Commentary: Why you should embrace your bad writing

Start treating writing as a process, not a singular race to perfection 

By Adhithi Anjali — arts@theaggie.org


We’ve all been there — in the only seat you could find, hunched over your laptop, convincing yourself that now you’re going to get it together. If you could just sit down, maybe in the library — or no, the atmosphere of the coffee shop will definitely get you going — the essay will spill out from your head. But it doesn’t. Instead, you’re writing a word, deleting, rewriting, rewording and searching up Thesaurus.com as you trap yourself in the perpetual loop between writer and editor. 

You desperately try to lay down each syllable with enough precision that your future self won’t regret it, but maybe it’s okay if they do. Now might not be the time when you establish yourself as the perfect writer, whether in personal or academic works. But, you can work towards being the disciplined essayist you need to be by learning to embrace your bad writing. 

Learning to shut down your inner critic, the voice that is convinced you do not have enough research, enough knowledge or enough skill to get your work done, is the first step. The fact is, you do not know if this criticism is warranted until you actually start writing. 

The goal has to shift from trying to fulfill an ideal breadth of knowledge to just getting started. If you find yourself struggling more than usual, try stepping back and simply writing out your thoughts. Empty all the ideas from your mind, no matter how tangled or unfinished, onto the page. 
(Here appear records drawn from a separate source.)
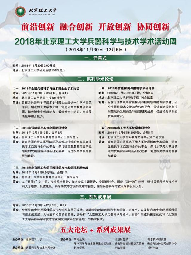 2018年北京理工大学兵器科学与技术学术活动周公告
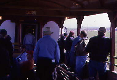 At Warnersville, we were allowed off the train while McCloud 18 was being watered, then McCloud 18 reversed the train the rest of the way out to Keystone, where the engines would run around the train. Everyone detrained and I climbed onto a loading ramp for better elevation.
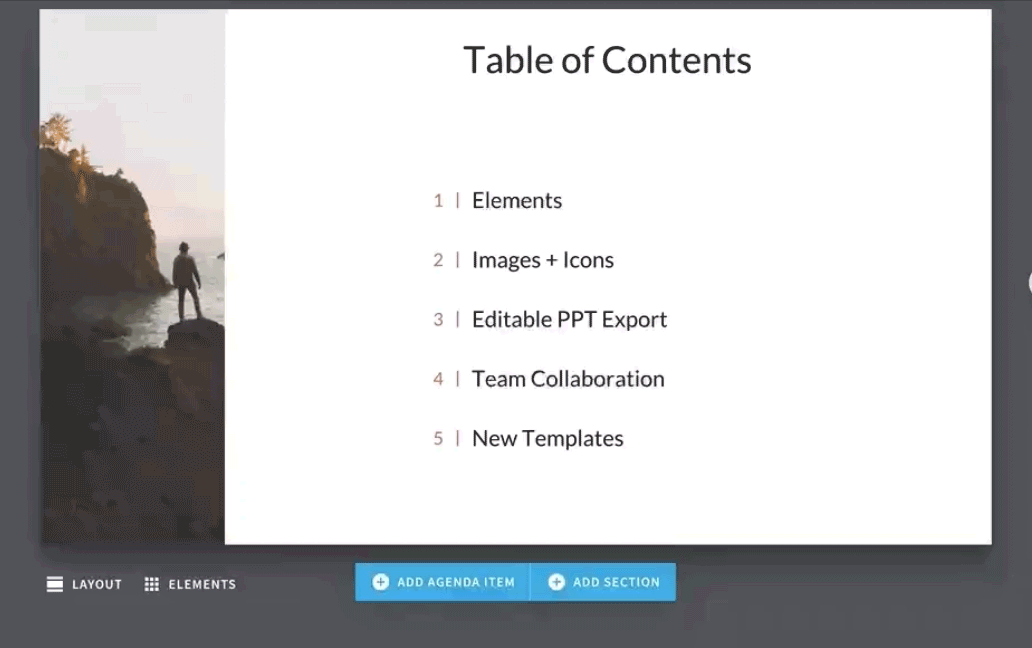 In your business every detail is important. That’s why using a professionally designed Beautiful.ai agenda template for your next meeting is a must. Our agenda template even allows you to link each agenda item to the corresponding information page(s) in your presentation. Toggle back and forth without having to fumble around for the correct slide.
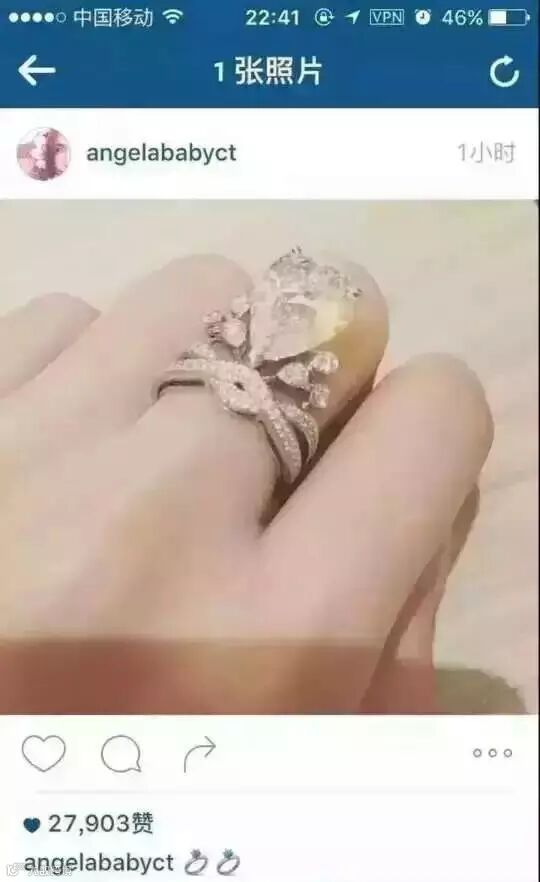 早在9月28日,baby就在ins上晒出了一枚超炫的大钻戒,据媒体报道称“这只钻戒镶有1颗5.53克拉梨形 DIF级美钻,以及73颗明亮式切割钻石,价值千万”。
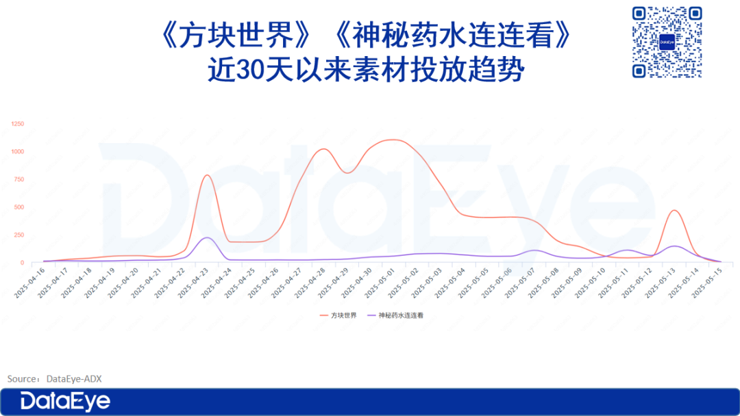 《方块世界》投放在四月呈现出波动上升的趋势,进入五月后,投放量总体呈回落趋势。其中,66%左右为视频素材,图片素材中,多为游戏截图素材。
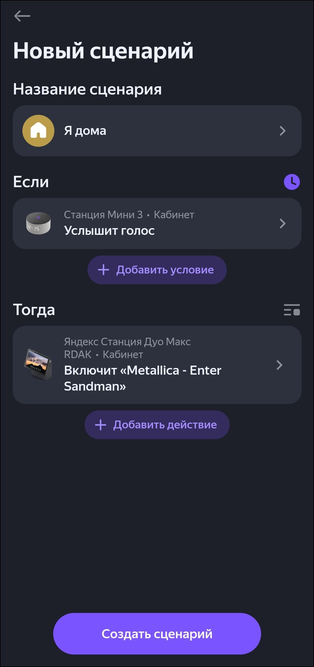 Среди интересных нововведений в системе умного дома можно отметить возможность активации сценариев голосом — колонка может совершать заданный пользователем список действий, услышав любой разговор. Можно использовать эту возможность для запуска утреннего шоу или любимого плейлиста для начала дня, либо чтобы немножко пощекотать нервы непрошеным гостям, например. Мы ради проверки как раз настроили воспроизведение композиции Metallica «Enter Sandman» — всё корректно срабатывает. Ну и еще одна маленькая новость: Алиса освоила казахский язык.
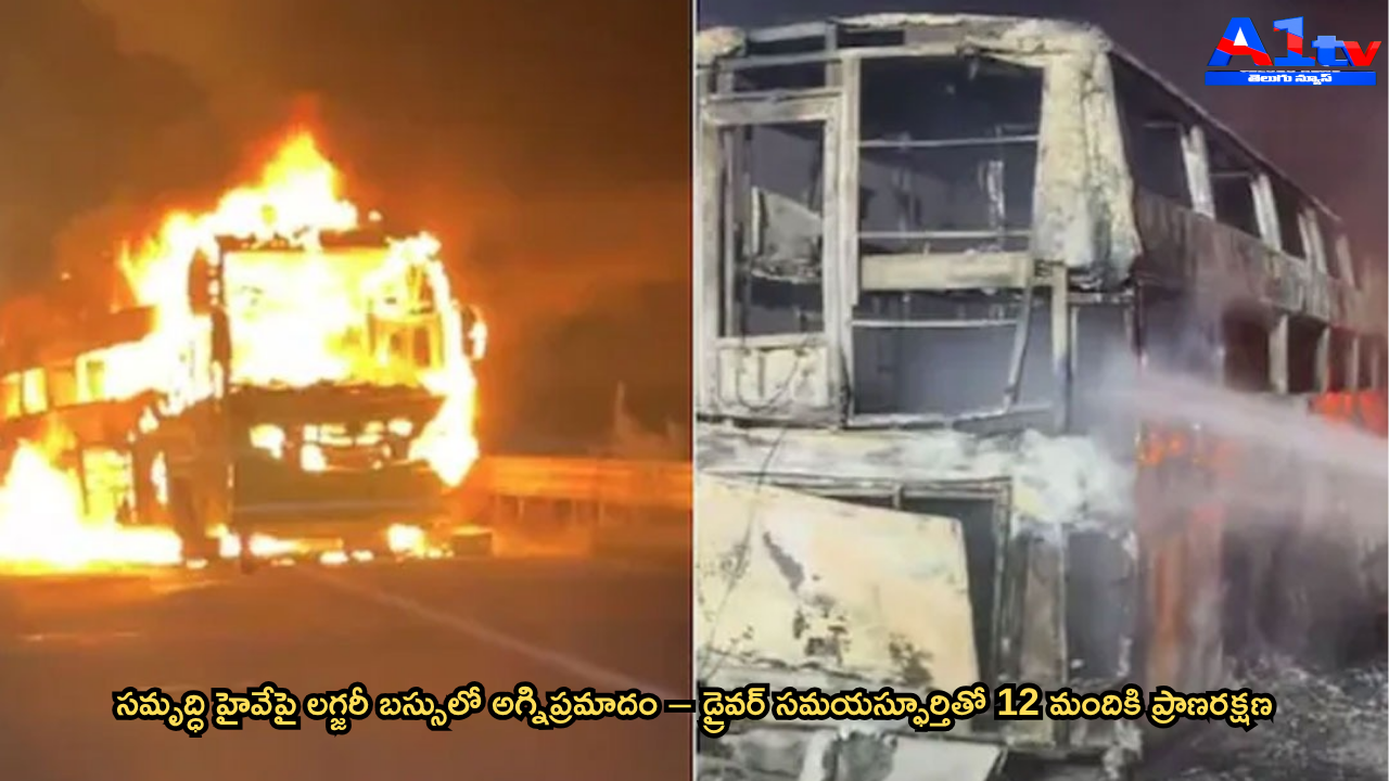 మహారాష్ట్రలోని సమృద్ధి హైవేపై గురువారం తెల్లవారుజామున జరిగిన అగ్నిప్రమాదం పెద్ద విషాదం తప్పించుకుంది. ముంబై నుండి జాల్నాకు బయలుదేరిన ఒక ప్రైవేట్ లగ్జరీ బస్సులో అకస్మాత్తుగా మంటలు చెలరేగి బస్సు పూర్తిగా దగ్ధమైంది. అయితే డ్రైవర్ సమయస్ఫూర్తితో వ్యవహరించడం వల్ల 12 మంది ప్రయాణికుల ప్రాణాలు కాపాడబడ్డాయి.
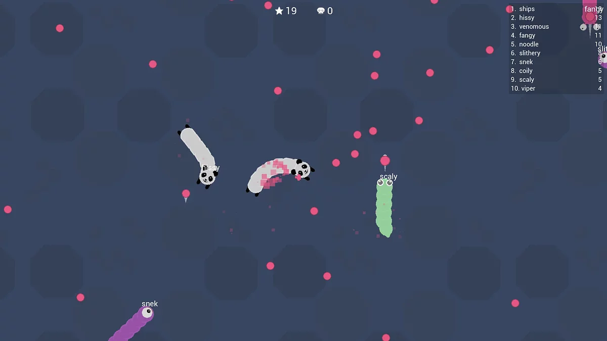 Hiss & Hunt — многопользовательская «Змейка» с пиксельной графикой, выпущенная в раннем доступе. В текущей версии есть одна карта, мультиплеер и несколько скинов. В будущем игра получит новые облики, режимы, карты и, возможно, механики. Страница в Steam.

Whether it comes to essays, fiction or poetry, the intention of throwing your mind at the wall is to unravel your own insecurities when it comes to filling a page. It is about treating writing as a creative exercise, a way for you to reorder ideas in your brain. This is a game won with all your cards on the table, so there is no need to hide ideas from your own paper. 
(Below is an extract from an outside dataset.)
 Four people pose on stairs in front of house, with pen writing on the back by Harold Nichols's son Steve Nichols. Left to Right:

This kind of writing technique might look like just writing down every sentence, phrase or word that crosses your mind within a certain timeframe. Be warned, the result might be rather disappointing — you probably will not end with a magically in-depth and surprisingly intelligent masterpiece. Rather, the accomplishment will be in the fact that you actually committed to writing. Change the purpose of writing from a method of flaunting your intelligence to a method of communicating the frenzy of your mind. The bonus, after all this, is that you will have generated the foundations of your work.
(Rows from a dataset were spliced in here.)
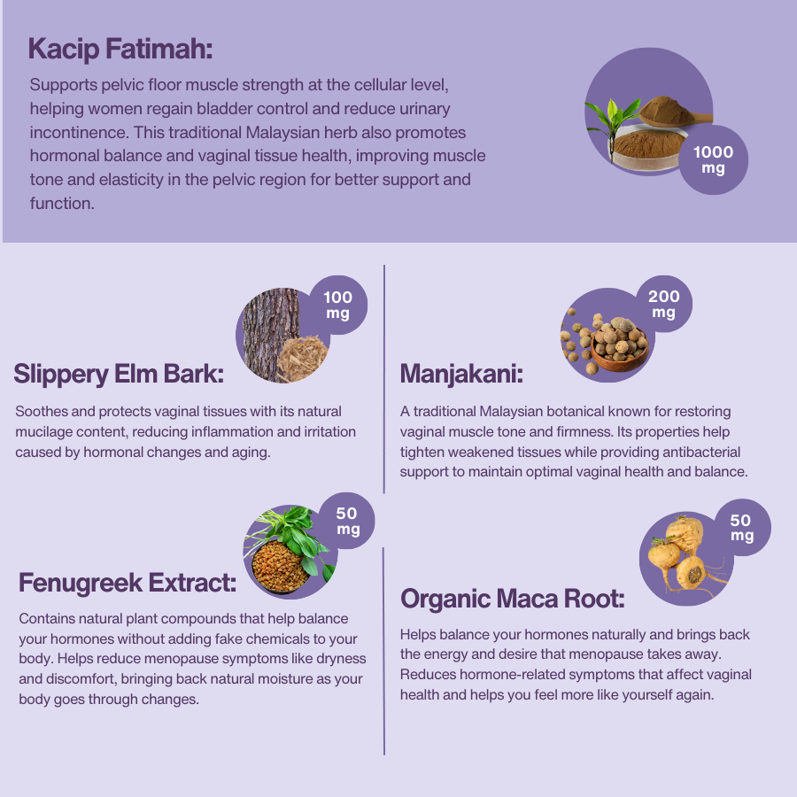 Estrogen loss after childbirth or menopause causes "urogenital atrophy" — the thinning of vaginal and bladder tissue that creates both dryness and leaking. They're not separate problems; they're the same hormonal damage. Pel-Fix's phytoestrogens from Kacip Fatimah and Fenugreek restore tissue thickness naturally, while Slippery Elm soothes and Maca Root rebalances sensation. You're not "too old" — your tissue just needs support Western medicine stopped providing. Rediscover intimacy without pain, moisture without products, and the vitality you thought was gone. This is restoration, not replacement.
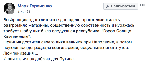 Майдановский активист Марк Гордиенко назвал Францию "добычей для Путина" и назвал участников акций протеста "одноклеточным дном".
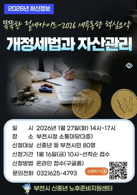 (시사미래신문) 부천시는 1월 27일 시청 3층 소통마당에서 ‘2026년 개정세법과 자산관리’ 재무특강을 진행한다. 이번 특강은 오후 2시부터 5시까지 부천시민 80명을 대상으로 무료로 진행되며, 신중년의 자산관리 역량을 높이고 안정적인 노후설계를 지원하기 위해 마련됐다.

By embracing your terrible writing, you can turn something paralyzingly difficult into something mindlessly easy. Your first draft will highlight the ingenuity of your mind, producing a visual representation of your ability to build connections and generate exciting ideas on your own. But, how do you refine this messy draft into the work you initially sat down to make?

Now, you bring that critical scholar back in. Yes, the one who stalled you for so long. But at this stage, they actually have material to mold and tinker with — something to critique. This is the stage where you find the holes in your analysis or your story that would have stumped you if you tried to write and edit simultaneously, as we all have tried to do. Separate and organize your ideas, add in those transitional phrases your professor will love so much and focus on fluency rather than content. 

Ultimately, it is just a matter of breaking the writing process into multiple jobs and allowing yourself to create a bad piece of work for the sake of creating. You will need to churn out something, but you can make the journey a bit more bearable when you give in to the rambling creative inside of you.